ACTIVITY:
Once the pictures are set aside, reproduce all of the records exactly.

INPUT MATERIAL:
+++++
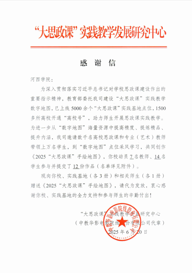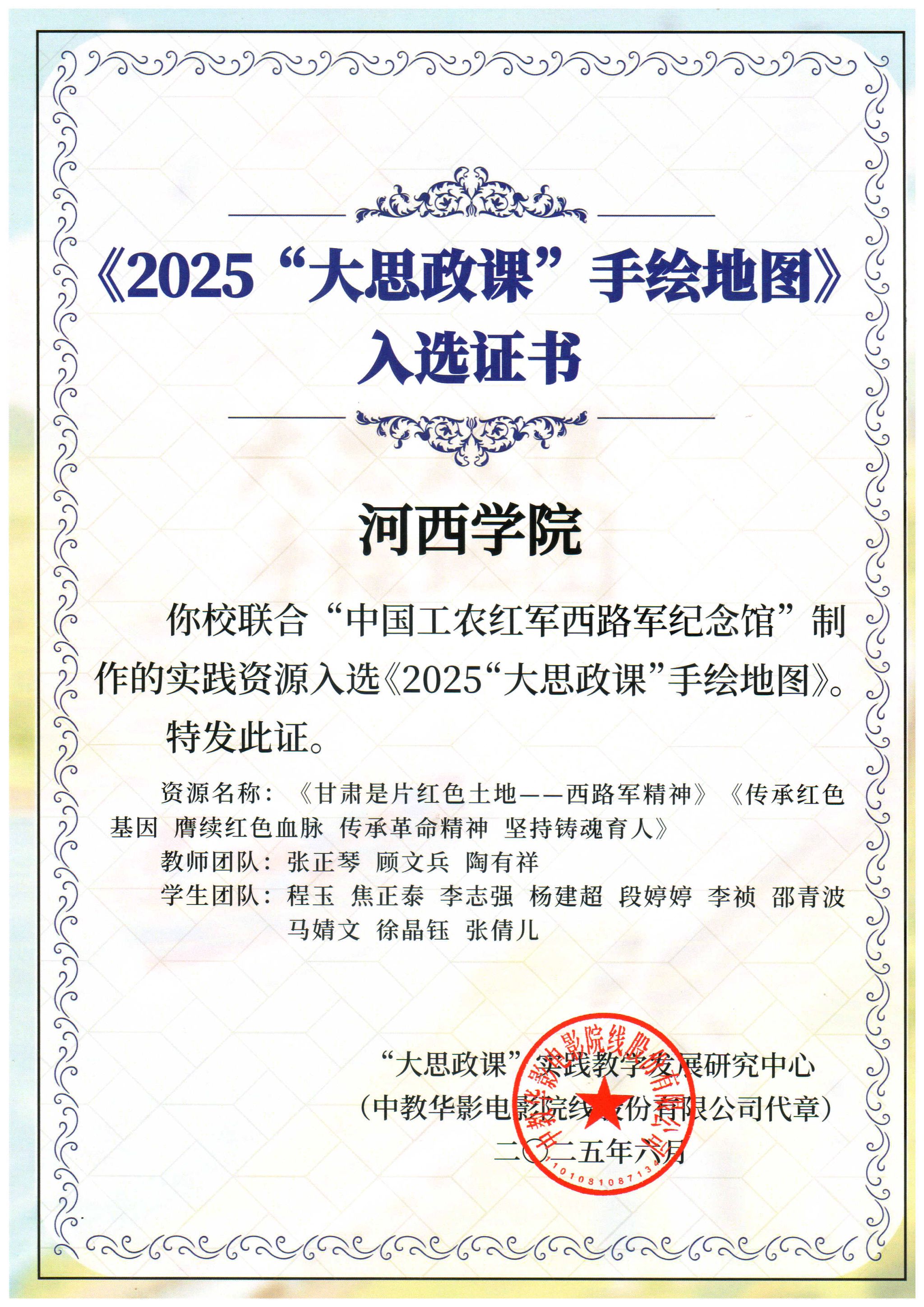 近日,教育部“大思政课”实践教学资源项目评选结果公示,公司betway西汉姆联平台申报的两项实践教学资源成功入选《2025“大思政课”手绘地图》。其中,《甘肃省是片红色热土—西路军精神》《传承红色基因 赓续红色血脉 传承革命精神 坚持铸魂育人》由教师张正琴、顾文兵、陶有祥指导,公司2021、2022、2023级员工共同参与完成。
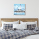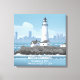 Farbenfrohes Kunstwerk des Boston Leuchtturms und der Skyline der Stadt im Hintergrund. Machen Sie eine Bootsfahrt vom Boston Harbor aus, um diesen außergewöhnlichen Leuchtturm zu sehen. Perfekt für alle, die diese fantastische Region von Massachusetts lieben.
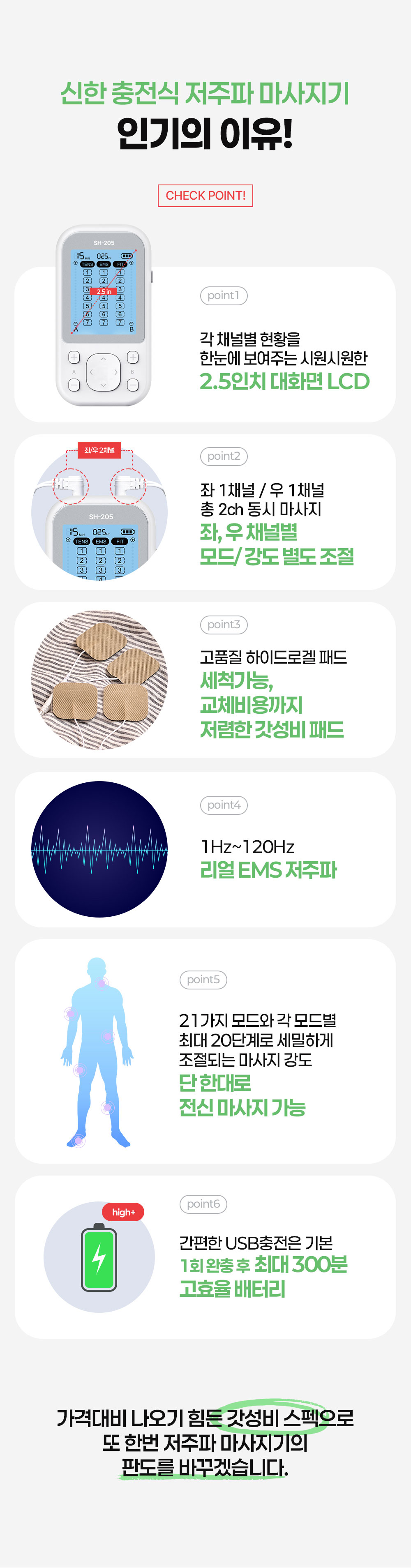 [신한의료기] 무선 저주파마사지기 패드형 sh-205
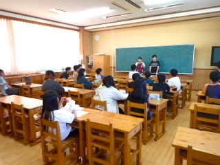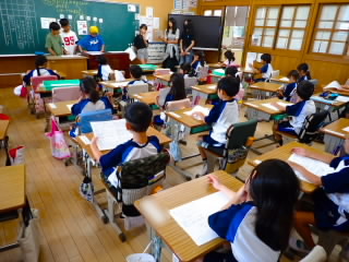 5年生では、米作りのお話を聞かせていただこうと、金堂ファームの方をお招きしました。金堂ファームは15年前にできた、共同で農業をする会社で、耕作放棄地が増え荒れ放題になっている田んぼをどうにかしようと、退職された方々が立ち上げ運営されているそうです。利益はほとんどなく、ほぼとんとんで、経営をされていたそうですが、今年はお米の値段が上がり、収入が増える予定とおっしゃっていました。それでも、今年度はごく普通のコンバイン(1台1200万円)を買わなければならず、経営は厳しいとのことでした。これをきっかけに日本の農業を守るためにはどうしたらいいのか、子どもたちには自分の意見を持ってほしいです。
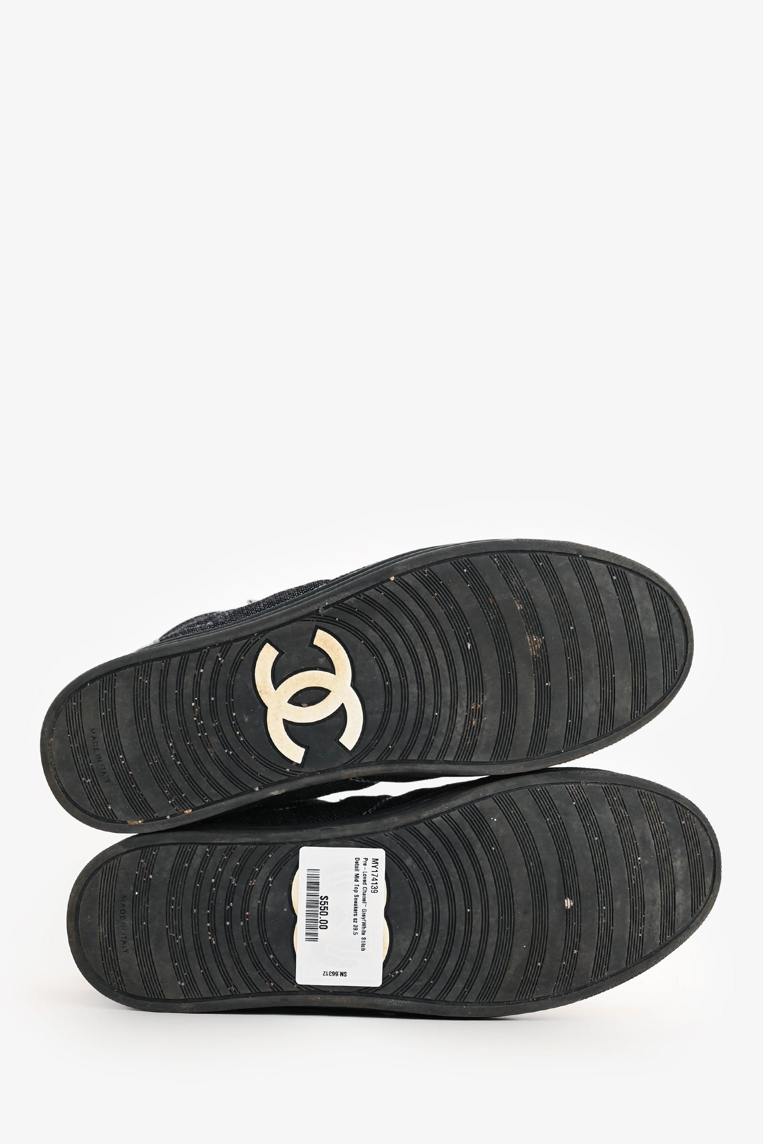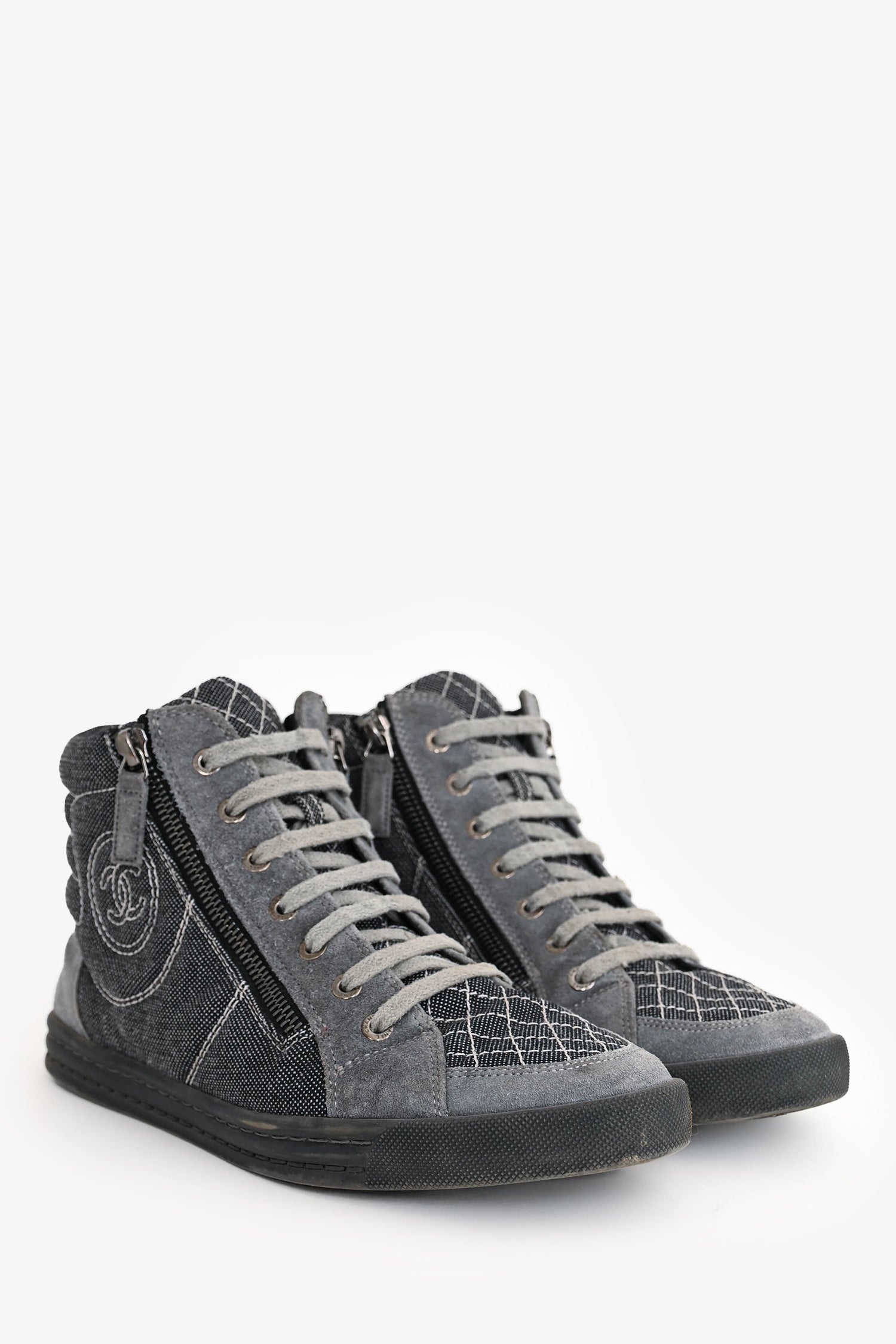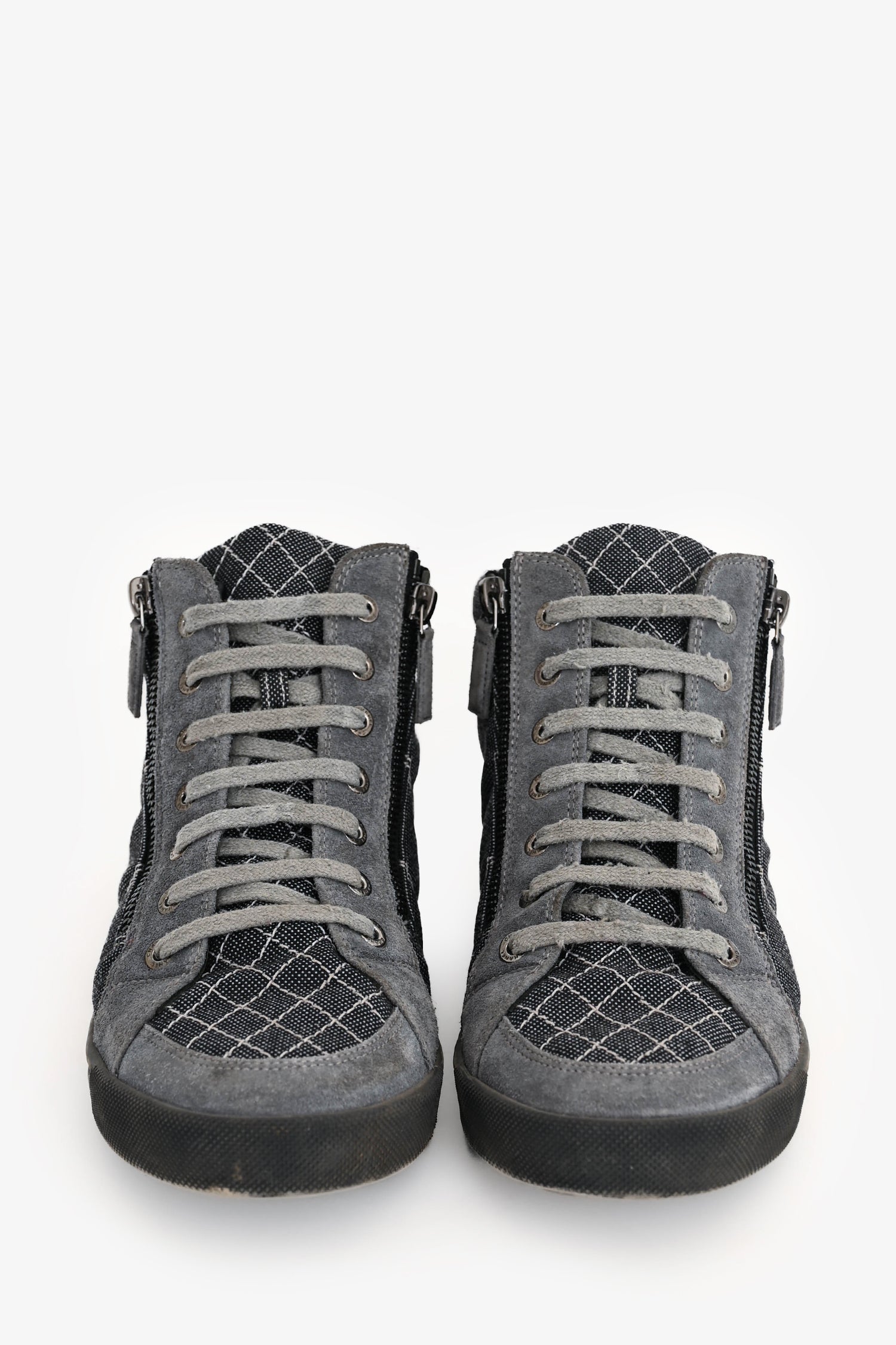 Pre-Loved Chanel™ Grey/White Stitch Detail Mid Top Sneakers Size 39.5
+++++
EXPECTED ANSWER:
 近日,教育部“大思政课”实践教学资源项目评选结果公示,公司betway西汉姆联平台申报的两项实践教学资源成功入选《2025“大思政课”手绘地图》。其中,《甘肃省是片红色热土—西路军精神》《传承红色基因 赓续红色血脉 传承革命精神 坚持铸魂育人》由教师张正琴、顾文兵、陶有祥指导,公司2021、2022、2023级员工共同参与完成。
 Farbenfrohes Kunstwerk des Boston Leuchtturms und der Skyline der Stadt im Hintergrund. Machen Sie eine Bootsfahrt vom Boston Harbor aus, um diesen außergewöhnlichen Leuchtturm zu sehen. Perfekt für alle, die diese fantastische Region von Massachusetts lieben.
 [신한의료기] 무선 저주파마사지기 패드형 sh-205
 5年生では、米作りのお話を聞かせていただこうと、金堂ファームの方をお招きしました。金堂ファームは15年前にできた、共同で農業をする会社で、耕作放棄地が増え荒れ放題になっている田んぼをどうにかしようと、退職された方々が立ち上げ運営されているそうです。利益はほとんどなく、ほぼとんとんで、経営をされていたそうですが、今年はお米の値段が上がり、収入が増える予定とおっしゃっていました。それでも、今年度はごく普通のコンバイン(1台1200万円)を買わなければならず、経営は厳しいとのことでした。これをきっかけに日本の農業を守るためにはどうしたらいいのか、子どもたちには自分の意見を持ってほしいです。
 Pre-Loved Chanel™ Grey/White Stitch Detail Mid Top Sneakers Size 39.5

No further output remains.